#### [Try it]
For this exercise, return only the lines in the records below from the one holding "新祥旭考研专注中国政法大学考" through the one holding "Why in the FUCK", including both, exactly as they appear and without pictures.

**** Task material ****

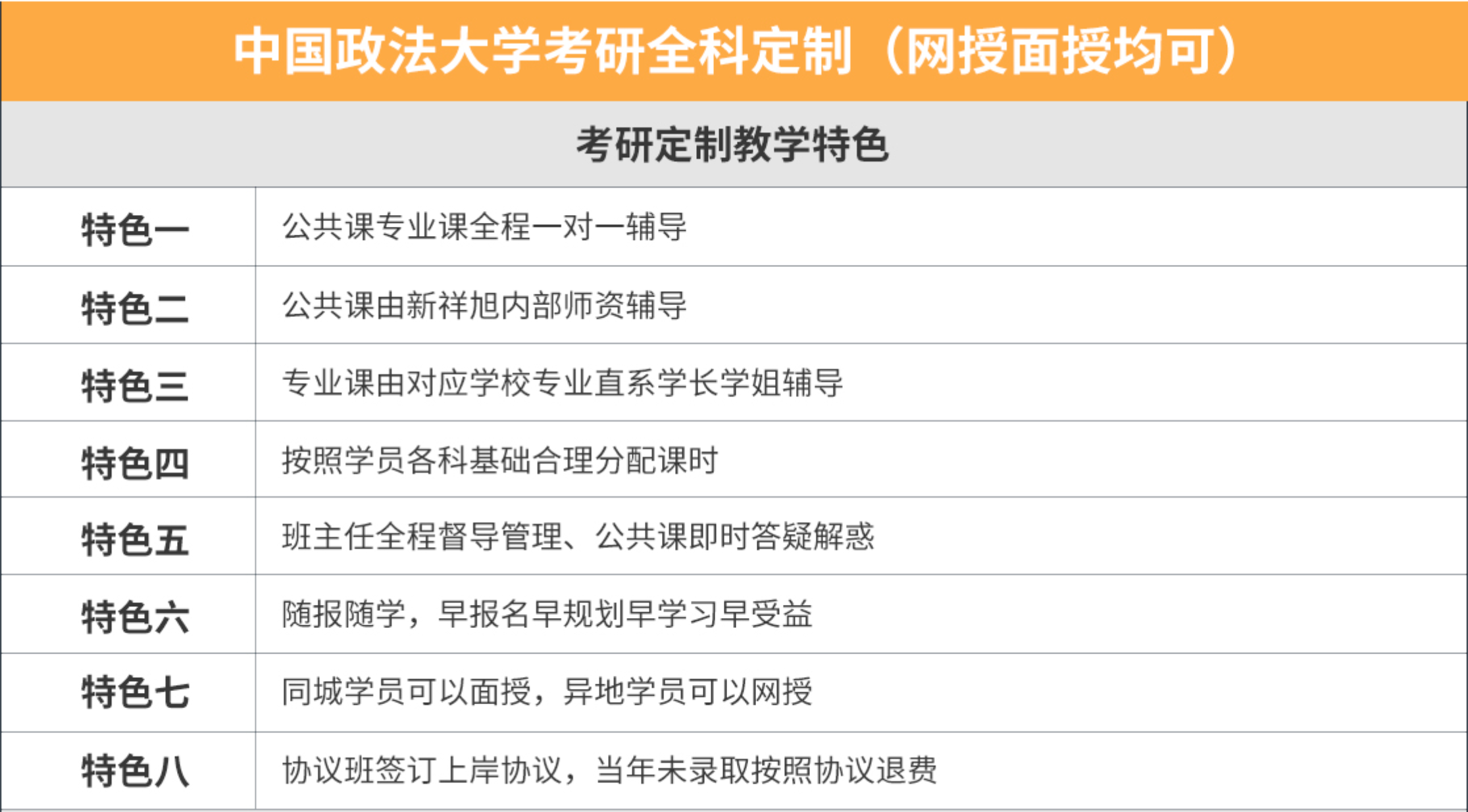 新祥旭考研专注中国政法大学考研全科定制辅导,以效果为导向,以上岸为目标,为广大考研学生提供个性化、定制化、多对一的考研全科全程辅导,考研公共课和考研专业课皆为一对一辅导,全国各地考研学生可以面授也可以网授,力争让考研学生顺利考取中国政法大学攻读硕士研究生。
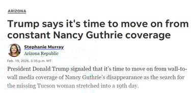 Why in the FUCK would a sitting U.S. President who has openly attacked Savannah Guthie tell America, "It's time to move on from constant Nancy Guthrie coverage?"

****
**** Task material ****

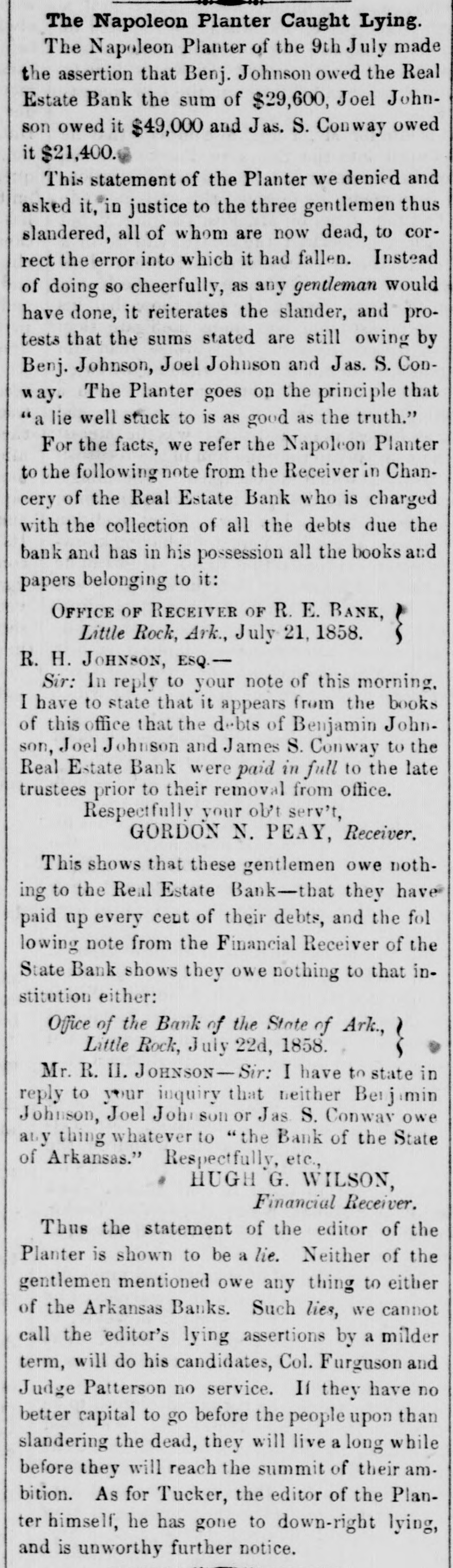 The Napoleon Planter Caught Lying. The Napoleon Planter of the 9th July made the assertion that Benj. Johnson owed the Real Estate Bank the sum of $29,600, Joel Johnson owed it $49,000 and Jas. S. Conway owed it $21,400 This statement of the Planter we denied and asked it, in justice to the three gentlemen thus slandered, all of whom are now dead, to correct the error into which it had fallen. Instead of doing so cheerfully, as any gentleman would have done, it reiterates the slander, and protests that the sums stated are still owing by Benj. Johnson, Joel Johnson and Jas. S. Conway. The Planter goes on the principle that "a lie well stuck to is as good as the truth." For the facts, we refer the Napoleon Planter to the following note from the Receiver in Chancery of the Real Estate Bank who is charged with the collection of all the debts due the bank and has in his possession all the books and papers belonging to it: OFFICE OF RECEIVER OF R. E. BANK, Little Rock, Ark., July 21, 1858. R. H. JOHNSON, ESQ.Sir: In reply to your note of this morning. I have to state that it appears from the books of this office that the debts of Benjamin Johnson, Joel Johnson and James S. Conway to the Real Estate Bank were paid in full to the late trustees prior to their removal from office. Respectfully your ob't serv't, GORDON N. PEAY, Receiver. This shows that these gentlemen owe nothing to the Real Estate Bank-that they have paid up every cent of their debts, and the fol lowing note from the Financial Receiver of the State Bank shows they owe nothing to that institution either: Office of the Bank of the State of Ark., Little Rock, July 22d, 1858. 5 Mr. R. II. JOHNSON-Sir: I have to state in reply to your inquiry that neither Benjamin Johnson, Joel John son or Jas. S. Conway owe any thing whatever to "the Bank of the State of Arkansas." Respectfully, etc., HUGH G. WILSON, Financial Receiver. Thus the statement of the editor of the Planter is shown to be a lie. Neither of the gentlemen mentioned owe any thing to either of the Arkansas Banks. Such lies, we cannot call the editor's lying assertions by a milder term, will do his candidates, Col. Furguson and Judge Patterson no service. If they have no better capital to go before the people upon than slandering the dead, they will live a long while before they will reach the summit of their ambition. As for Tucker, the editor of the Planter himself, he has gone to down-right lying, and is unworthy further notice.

****

#### [Solution]
 新祥旭考研专注中国政法大学考研全科定制辅导,以效果为导向,以上岸为目标,为广大考研学生提供个性化、定制化、多对一的考研全科全程辅导,考研公共课和考研专业课皆为一对一辅导,全国各地考研学生可以面授也可以网授,力争让考研学生顺利考取中国政法大学攻读硕士研究生。
 Why in the FUCK would a sitting U.S. President who has openly attacked Savannah Guthie tell America, "It's time to move on from constant Nancy Guthrie coverage?"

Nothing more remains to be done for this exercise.